__YOUR GOAL__
Among the lines below, keep only those from the one containing "Dieter Hopf offers" through the one containing "Radnja napreduje kao", and reproduce them exactly.

__DATA PROVIDED__

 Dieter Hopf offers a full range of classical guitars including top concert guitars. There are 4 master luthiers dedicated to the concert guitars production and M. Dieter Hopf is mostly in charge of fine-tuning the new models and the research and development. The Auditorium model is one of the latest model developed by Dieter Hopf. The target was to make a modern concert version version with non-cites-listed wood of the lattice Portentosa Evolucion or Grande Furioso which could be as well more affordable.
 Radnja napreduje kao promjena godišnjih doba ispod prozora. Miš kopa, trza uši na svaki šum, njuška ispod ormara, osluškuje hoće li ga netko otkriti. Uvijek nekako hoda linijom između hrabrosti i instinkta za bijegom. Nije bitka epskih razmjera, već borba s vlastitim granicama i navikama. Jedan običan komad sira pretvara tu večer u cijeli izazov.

--

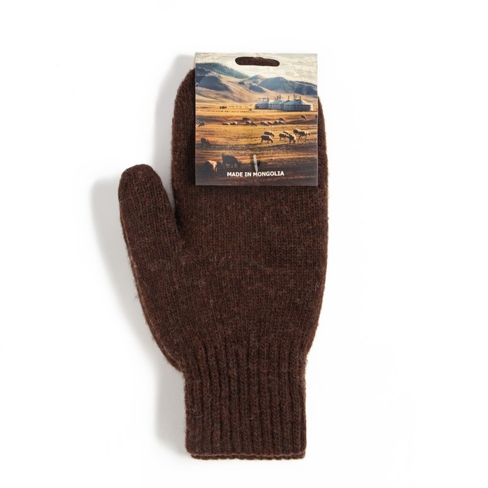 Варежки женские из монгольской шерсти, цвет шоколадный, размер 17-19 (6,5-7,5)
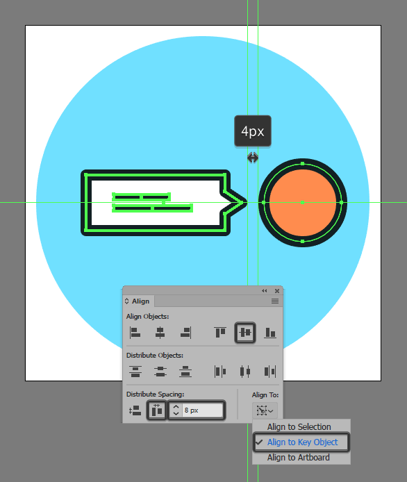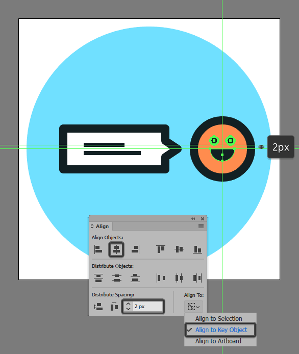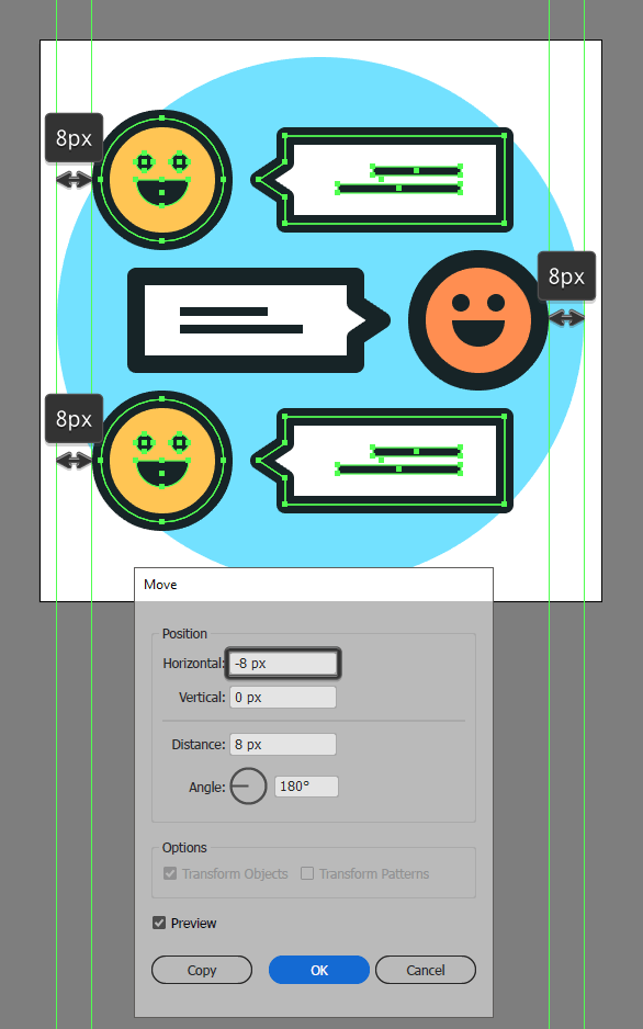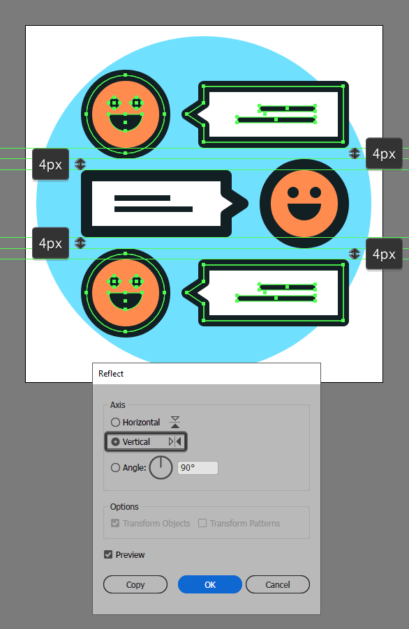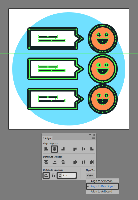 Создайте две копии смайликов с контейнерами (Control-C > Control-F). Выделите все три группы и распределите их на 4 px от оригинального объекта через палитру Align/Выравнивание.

__ANSWER SPACE__
 Dieter Hopf offers a full range of classical guitars including top concert guitars. There are 4 master luthiers dedicated to the concert guitars production and M. Dieter Hopf is mostly in charge of fine-tuning the new models and the research and development. The Auditorium model is one of the latest model developed by Dieter Hopf. The target was to make a modern concert version version with non-cites-listed wood of the lattice Portentosa Evolucion or Grande Furioso which could be as well more affordable.
 Radnja napreduje kao promjena godišnjih doba ispod prozora. Miš kopa, trza uši na svaki šum, njuška ispod ormara, osluškuje hoće li ga netko otkriti. Uvijek nekako hoda linijom između hrabrosti i instinkta za bijegom. Nije bitka epskih razmjera, već borba s vlastitim granicama i navikama. Jedan običan komad sira pretvara tu večer u cijeli izazov.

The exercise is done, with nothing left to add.